(Beginning of Source information)

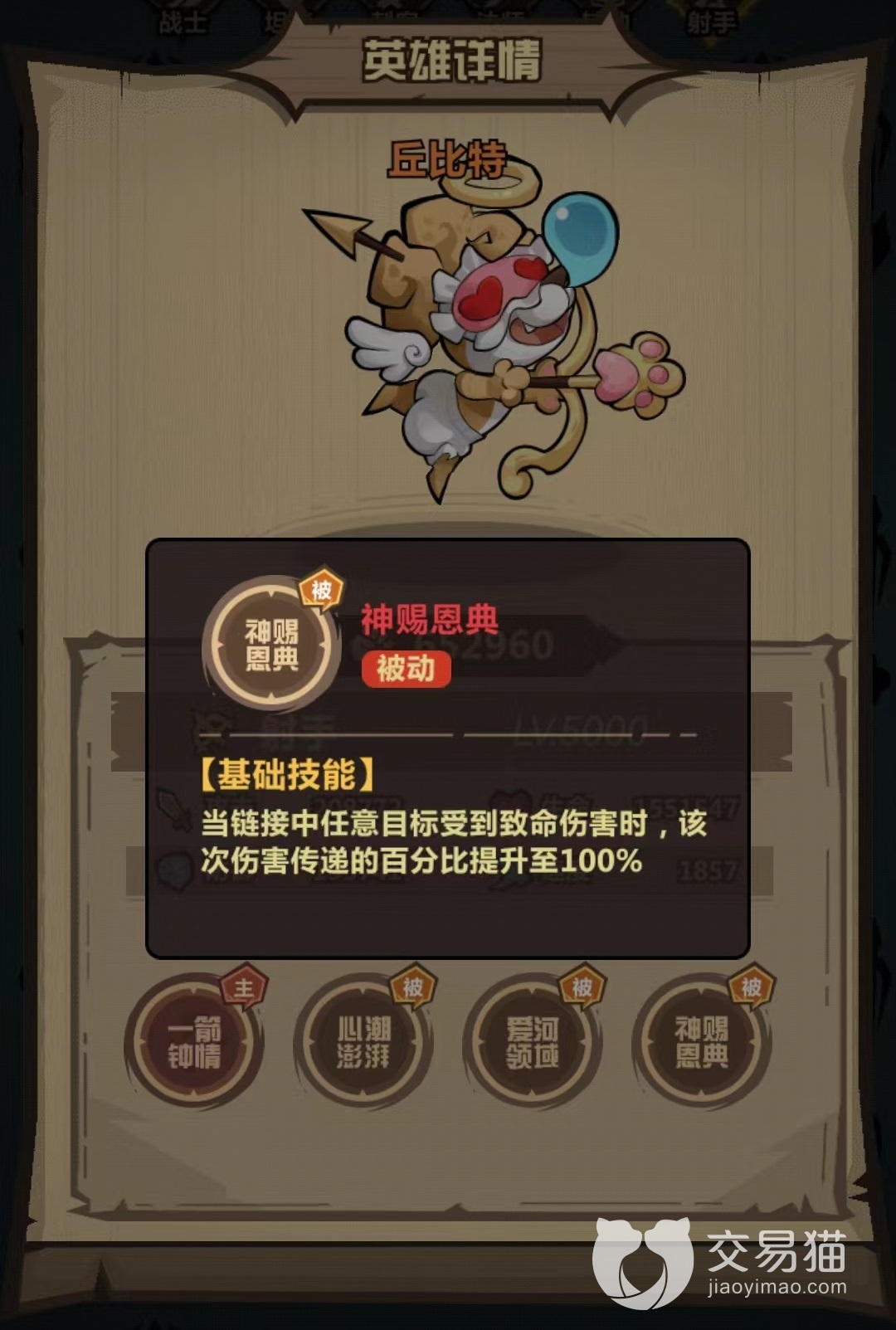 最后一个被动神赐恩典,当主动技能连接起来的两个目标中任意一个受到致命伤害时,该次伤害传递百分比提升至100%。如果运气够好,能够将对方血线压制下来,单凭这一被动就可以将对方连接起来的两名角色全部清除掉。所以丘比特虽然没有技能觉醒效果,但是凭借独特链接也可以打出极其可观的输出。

(End of Source information)
(Beginning of Source information)

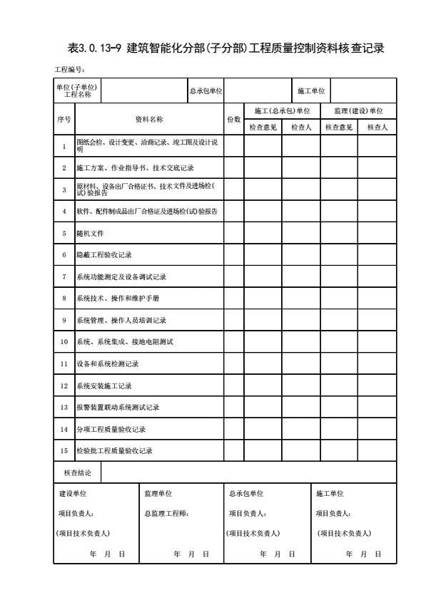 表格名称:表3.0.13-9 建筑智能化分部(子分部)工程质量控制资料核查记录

(End of Source information)
(Beginning of Source information)

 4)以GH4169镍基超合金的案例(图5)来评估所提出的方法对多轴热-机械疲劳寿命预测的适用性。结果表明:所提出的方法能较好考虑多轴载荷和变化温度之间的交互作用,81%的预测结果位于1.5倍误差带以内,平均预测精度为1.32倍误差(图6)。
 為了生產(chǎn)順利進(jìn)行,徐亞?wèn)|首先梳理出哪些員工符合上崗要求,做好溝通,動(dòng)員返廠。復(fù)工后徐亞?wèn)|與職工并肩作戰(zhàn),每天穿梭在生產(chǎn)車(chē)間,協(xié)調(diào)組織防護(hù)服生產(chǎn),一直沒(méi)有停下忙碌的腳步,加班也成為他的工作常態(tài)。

(End of Source information)

Activity:
Out of the data above, transcribe exactly and only the lines starting with the line that has "4)以GH4169镍基超合金" and going on through the line that has "為了生產(chǎn)順利進(jìn)行,徐亞?wèn)|", both included.

Exercise solution:
 4)以GH4169镍基超合金的案例(图5)来评估所提出的方法对多轴热-机械疲劳寿命预测的适用性。结果表明:所提出的方法能较好考虑多轴载荷和变化温度之间的交互作用,81%的预测结果位于1.5倍误差带以内,平均预测精度为1.32倍误差(图6)。
 為了生產(chǎn)順利進(jìn)行,徐亞?wèn)|首先梳理出哪些員工符合上崗要求,做好溝通,動(dòng)員返廠。復(fù)工后徐亞?wèn)|與職工并肩作戰(zhàn),每天穿梭在生產(chǎn)車(chē)間,協(xié)調(diào)組織防護(hù)服生產(chǎn),一直沒(méi)有停下忙碌的腳步,加班也成為他的工作常態(tài)。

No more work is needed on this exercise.